Enfin, certaines ont une bonne efficacité contre la fusariose de l’épi (prothioconazole, metconazole et tebuconazole). Les triazoles sont également agréées contre l’oïdium et l’helminthosporiose du blé.

Le prochloraz a le même mode d’action que les triazoles mais il n’appartient pas à la même famille : c’est une imidazole. Cette substance active est agréée contre la septoriose et le piétin-verse.

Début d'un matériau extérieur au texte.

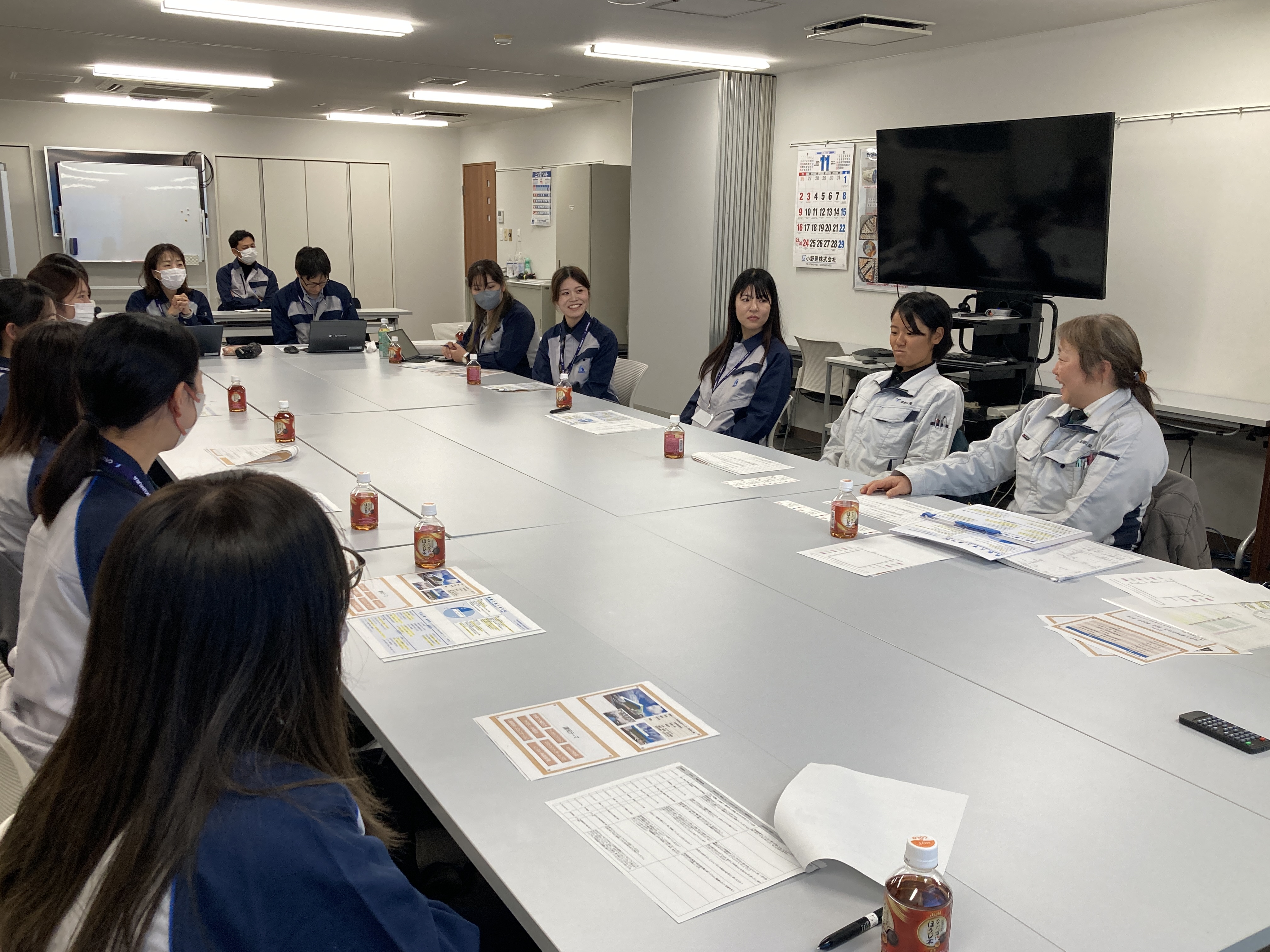 2025年11月27日、美樹工業株式会社の高田所長をお招きし、女性技術者の活躍をテーマとした意見交換会を開催しました。当社からは土木・建築部門に所属する9名の女性技術者が参加し、高田所長からは豊富な現場経験に基づく実践的なアドバイスや、“現場で力を発揮するために必要な考え方”について大変分かりやすくご講話いただきました。参加者からは多くの質問が寄せられ、キャリア形成や働き方など、多岐にわたるテーマで活発な交流が行われました。

Depuis plusieurs années, une érosion de l’efficacité des triazoles face à la septoriose est observée. Ces substances actives restent cependant encore suffisamment efficaces et utiles contre ce pathogène. Mais il demeure essentiel de ne pas les appliquer seules. Certaines populations de septoriose sont également résistantes au prochloraz mais ce n’est pas le cas dans toute l’Europe et il n’existe pas encore d’informations solides sur les populations présentes en Belgique.

Les morpholines

Les morpholines inhibent également la biosynthèse des stérols dans la membrane du pathogène fongique mais en agissant cette fois sur des enzymes bien particulières. Il s’agit des substances actives suivantes : fenpropimorphe, fenpropidine et spiroxamine. Elles sont principalement utilisées en combinaison avec une triazole pour ajouter une action anti-oïdium au traitement.

Le quinoxifen

Cette substance active constitue un mode d’action à elle seule. Elle agit sur la transmission des signaux au sein de la cellule du pathogène mais son site d’action précis n’est pas connu. Elle est agréée contre l’oïdium et doit être appliquée préventivement. Cependant cette maladie semble désormais résistante à la molécule.

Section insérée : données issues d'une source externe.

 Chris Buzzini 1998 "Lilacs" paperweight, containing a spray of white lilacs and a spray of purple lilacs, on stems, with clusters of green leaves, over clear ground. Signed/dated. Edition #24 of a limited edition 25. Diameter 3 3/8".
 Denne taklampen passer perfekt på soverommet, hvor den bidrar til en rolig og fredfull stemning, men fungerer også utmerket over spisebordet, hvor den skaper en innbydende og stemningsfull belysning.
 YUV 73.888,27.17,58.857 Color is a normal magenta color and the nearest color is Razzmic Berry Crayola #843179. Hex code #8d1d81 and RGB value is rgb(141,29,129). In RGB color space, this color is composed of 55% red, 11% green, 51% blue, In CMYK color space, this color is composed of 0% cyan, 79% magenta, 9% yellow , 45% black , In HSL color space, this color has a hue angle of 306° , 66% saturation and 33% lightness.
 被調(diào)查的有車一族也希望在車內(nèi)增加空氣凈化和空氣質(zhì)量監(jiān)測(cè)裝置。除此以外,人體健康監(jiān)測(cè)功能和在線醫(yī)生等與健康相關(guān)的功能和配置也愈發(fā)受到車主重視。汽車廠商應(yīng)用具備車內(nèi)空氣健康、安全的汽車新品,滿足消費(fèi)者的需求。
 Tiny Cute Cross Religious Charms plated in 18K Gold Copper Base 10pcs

Le thiophanate-méthyl est également le seul représentant de la famille des methyl benzimidazole carbamates (MBC) agréé en froment. Cette substance active perturbe la division cellulaire. Cette action va engendrer une altération de l’hyphe du champignon. Elle est agréée contre le piétin-verse et la fusariose de l’épi. Microdochium spp. est cependant résistant à cette molécule.

Fongicides multi-sites

Les substances actives à action multi-sites sont le mancozèbe, le manèbe, le folpet et le chlorothalonil. Elles ont un effet sur des processus essentiels à la survie et la multiplication des cellules. À l’instar des fongicides uni-sites qui sont capables de pénétrer la feuille sur laquelle ils sont pulvérisés, les fongicides multi-sites sont tous des fongicides de contact. Leur rémanence est donc très courte et certains sont facilement lessivables par les pluies. Le mancozèbe et le manèbe sont très peu utilisés en froment à cause de leur faible efficacité. Le chlorothalonil est très efficace lorsqu’il est appliqué préventivement. Il est conseillé de le pulvériser en combinaison avec une triazole et/ou une carboxamide pour renforcer l’efficacité du traitement et retarder l’apparition de résistance à la septoriose.